Em uma explanação durante a sessão ordinária da Câmara Municipal de Avaré na segunda-feira (3), o procurador-geral do município, Dr. Renan Oliveira Ribeiro, detalhou os fundamentos legais que viabilizarão a 56ª edição da Emapa sem a aplicação de recursos públicos diretos, uma novidade que, segundo ele, marca um precedente nas quase seis décadas do evento.
A apresentação ocorreu na volta do recesso parlamentar e teve como objetivo esclarecer dúvidas da população e dos vereadores sobre a legalidade da realização da exposição agropecuária em setembro deste ano. O procurador foi convidado a se manifestar após questionamentos recorrentes sobre a ausência de processos licitatórios e contratos públicos para a estruturação do evento.
O ponto central da explicação do Dr. Renan foi a aplicação da Lei Federal nº 14.903, de 27 de junho de 2024, conhecida como Marco Regulatório do Fomento à Cultura. A norma, que estabelece um regime jurídico próprio para ações culturais, permite que os municípios celebrem termos de cooperação cultural sem a necessidade de chamamento público ou processos licitatórios, desde que não haja repasse de recursos públicos.
“A Lei 14.903 veda a aplicação da Lei de Licitações aos instrumentos específicos do regime próprio de fomento à cultura”, afirmou o procurador, citando o parágrafo 4º do artigo 2º da norma federal.

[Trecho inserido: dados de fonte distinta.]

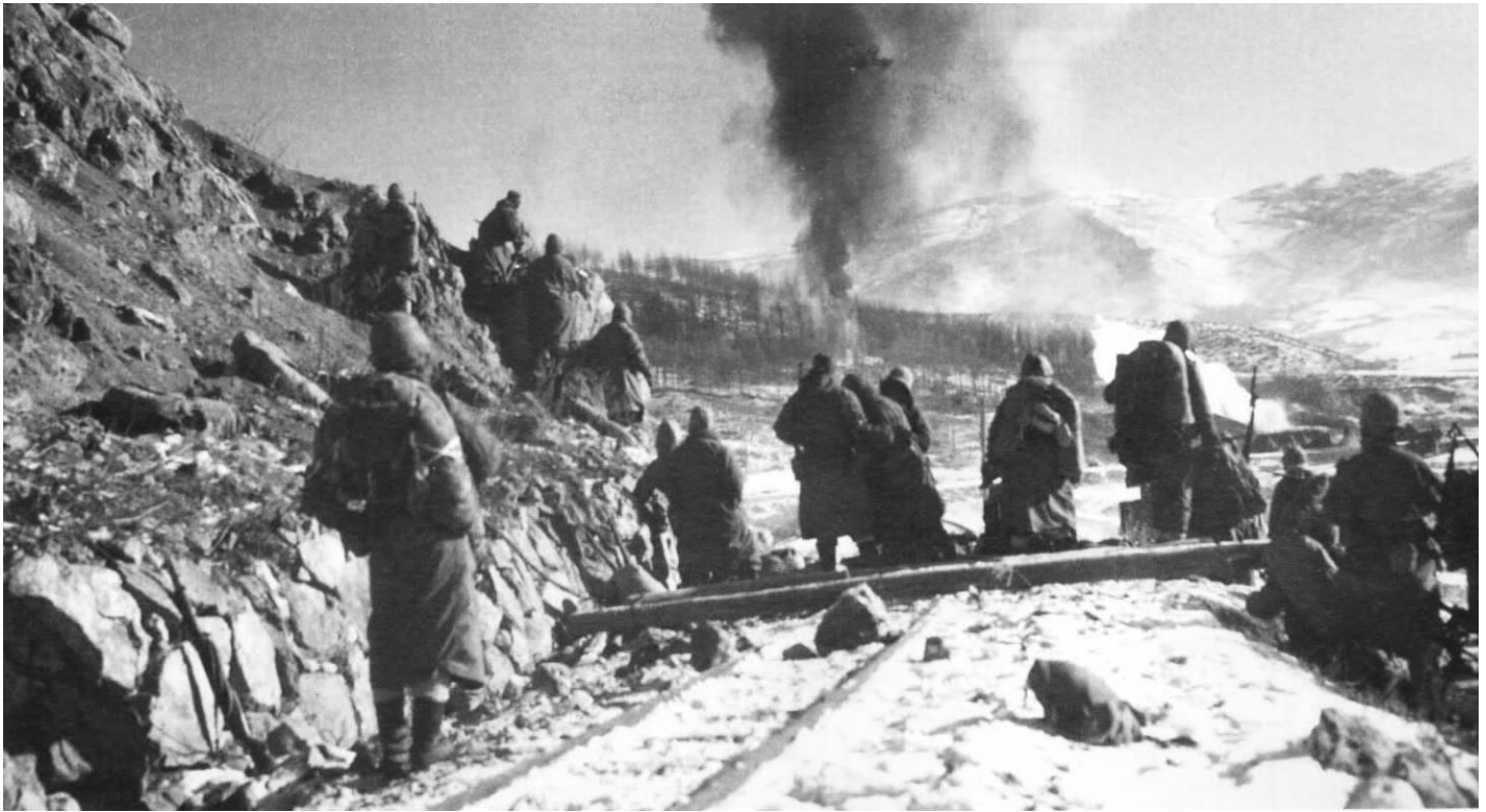
Col Litzenberg's 7th Marines led off the march south from Hagaru-ri on 6 December. Here one of his units pauses at the roadblock held by Weapons Company, 3d Battalion, 1st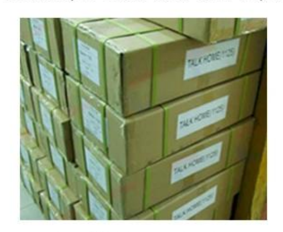
Outside Carton Package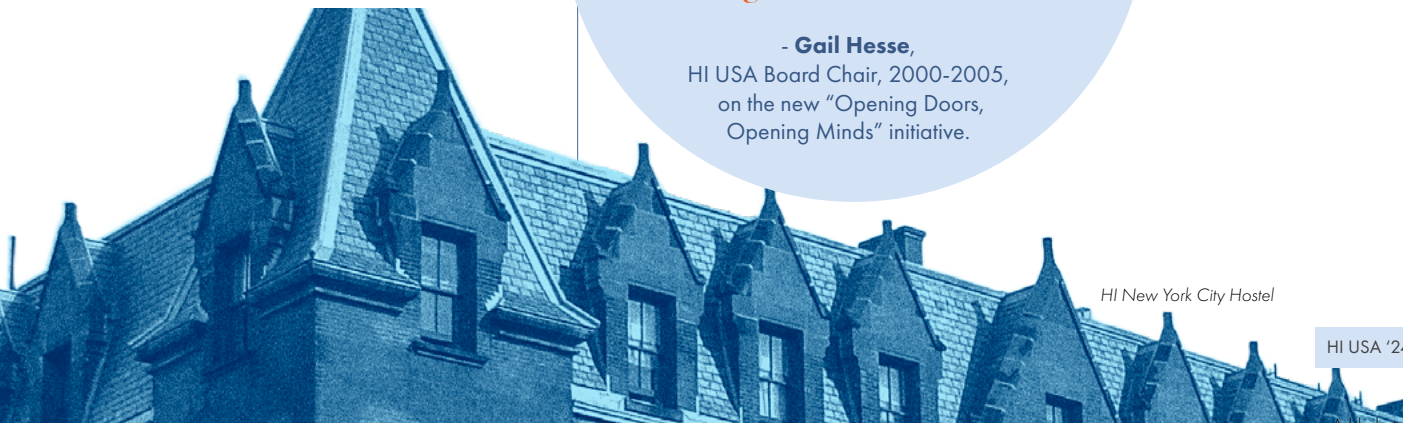
HI New York City Hostel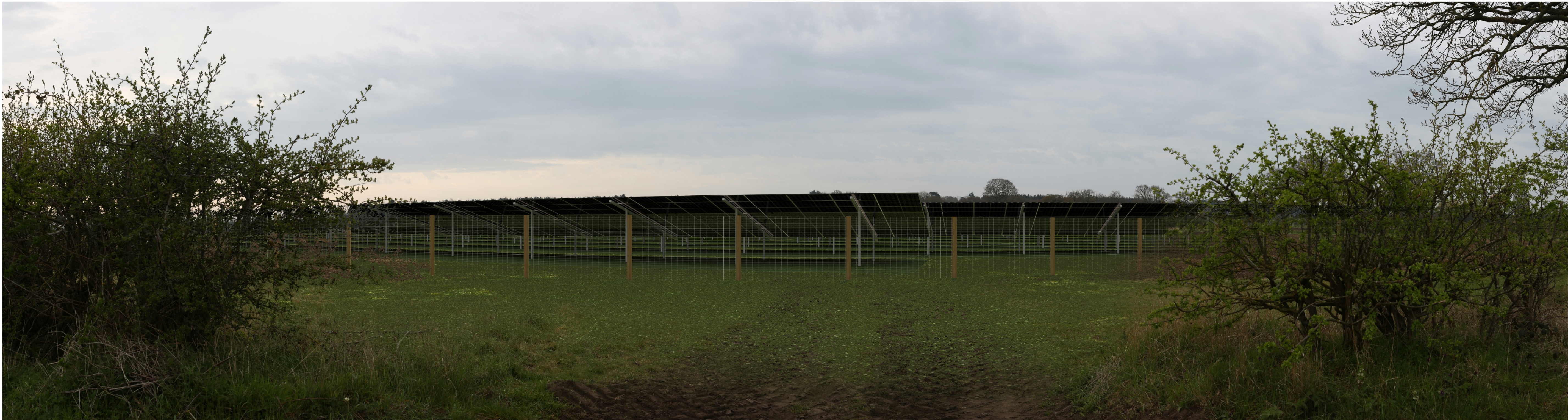
Proposed View Year 1 Distance to Nearest Order Limits 0m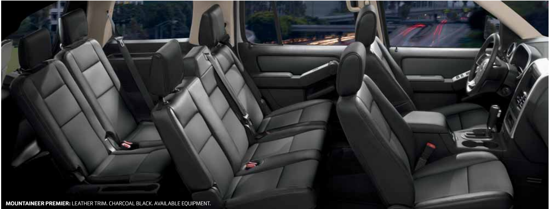
MOUNTAINEER PREMIER: LEATHER TRIM. CHARCOAL BLACK. AVAILABLE EQUIPMENT.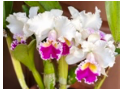
Lc. Persepollis Splendor,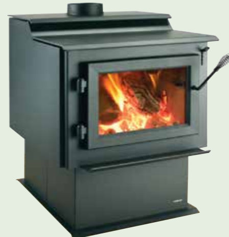
WS22 wood-burning stove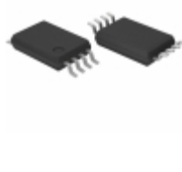
BR24T32FV-WE2 LAPIS Semiconductor IC EEPROM 32KBIT 400KHZ 8SSOPB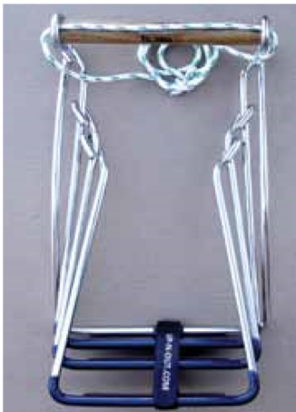
D13 – 3 Steps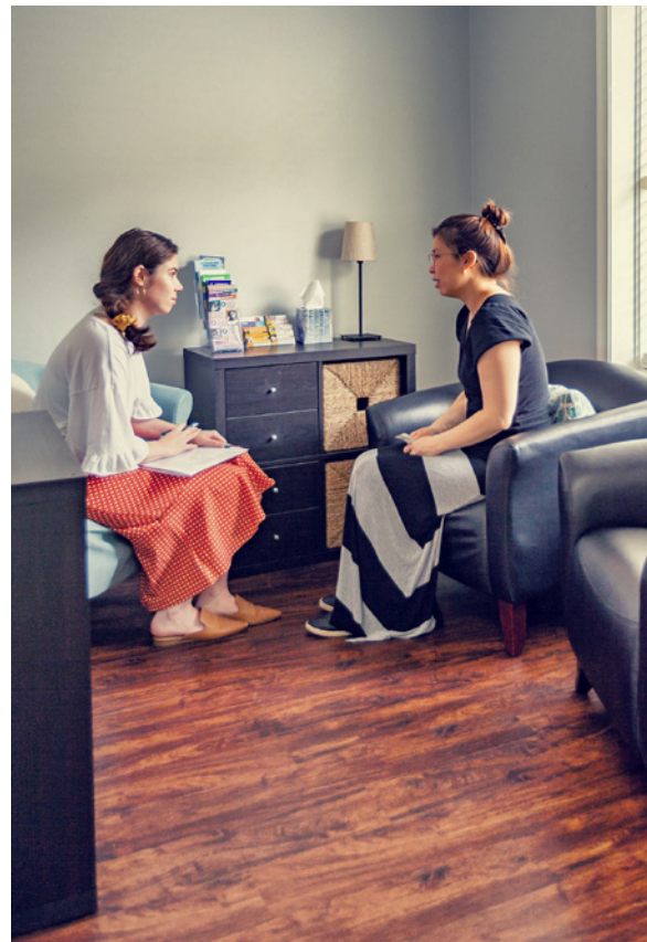
Options consultation session with client and client advocate at Assist Pregnancy Center in Annandale, Virginia.

Upon the reading of her own positive pregnancy self-test, a woman is then advised that she will need a medical professional to confirm her pregnancy. If the test occurs at a center which offers limited pregnancy confirmation ultrasounds, she is offered an appointment to formally diagnose the pregnancy. If the center does not offer ultrasound on-site, a woman is provided with referrals to providers in the community for follow up. With the woman’s permission, a client advocate will then offer to discuss the client’s three legal options: giving birth and raising the child, giving birth and making an adoption plan for the child, and abortion. The first two options represent a “parenting” option and are life-affirming.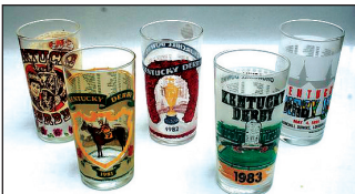
Kentucky Derby Glasses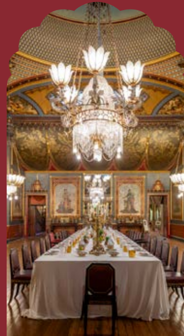
The Banqueting Room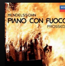
Piano con Fuoco. Mendelssohn's Sonatas, Fantasias, Capriccios

Segundo ele, não houve, não há e não haverá contratações por licitação, dispensa ou inexigibilidade para a Emapa 2026, não por opção, mas por imposição legal. “Nem que nós quiséssemos utilizar um instrumento licitatório, não poderíamos, porque a lei federal proíbe”, destacou.
O instrumento escolhido pela administração municipal foi o Termo de Cooperação Cultural, previsto no artigo 29 da Lei 14.903. A modalidade não envolve repasse de recursos pela administração pública e, segundo o artigo 30, pode ser celebrada “sem a necessidade de chamamento público”, por decisão discricionária do gestor.
O procurador revelou que o município, inicialmente, realizou um chamamento público para credenciamento de agente cultural, um procedimento que a lei não exige. “Pecamos pelo excesso”, admitiu. O certame acabou suspenso pelo Tribunal de Contas do Estado de São Paulo, mas a administração optou por revogá-lo e seguir a orientação legal de dispensar o chamamento, já que a própria lei federal autoriza essa conduta.
“O município publicou um edital de chamamento e houve a suspensão pelo Tribunal de Contas. Sim, tranquilamente. Nenhum dos órgãos técnicos disse que o termo de cooperação cultural era inadequado. Houve a suspensão cautelar porque ainda é um expediente novo, mas é uma lei federal de 2024 que traz essa possibilidade”, explicou.
SEM RECURSOS
O procurador foi enfático ao afirmar que o orçamento anteriormente destinado à Emapa, no exercício de 2026, foi remanejado, o que torna impossível qualquer contratação pública. “Se hoje disséssemos que vamos realizar alguma contratação, eu não tenho orçamento. Não consigo realizar nenhum empenho. O orçamento que era destinado à Emapa de 2026 foi remanejado, mais uma comprovação de que o Poder Público não realizará repasse algum”, declarou.
A inovação, segundo o procurador, está alinhada a orientações do Tribunal de Contas do Estado de São Paulo, que vem alertando os municípios sobre os cuidados na realização de eventos com emprego de recursos públicos, especialmente em um momento de queda de arrecadação e crise institucional.
O procurador também destacou que a Comissão Organizadora da Emapa tem competência legal para todas as decisões acerca da exposição, conforme a Lei Municipal nº 134, de 2001. “A competência para a organização e realização da exposição é da comissão organizadora. Ela ratificou a ideia do Poder Público de realizar o evento por meio da Lei de Fomento à Cultura”, afirmou.
Diante da repercussão nas redes sociais, o procurador respondeu diretamente aos questionamentos: “Qual foi o fundamento jurídico? Lei 14.903, de 2024. Houve licitação? Não. Há licitação? Não. Haverá licitação? Não.”
Ele encerrou sua fala afirmando que a administração está pronta para discutir e debater a legalidade do evento em todas as instâncias, sustentando que a medida representa um “marco divisor” na história da Emapa e um exemplo de vanguarda na gestão de eventos públicos no interior paulista.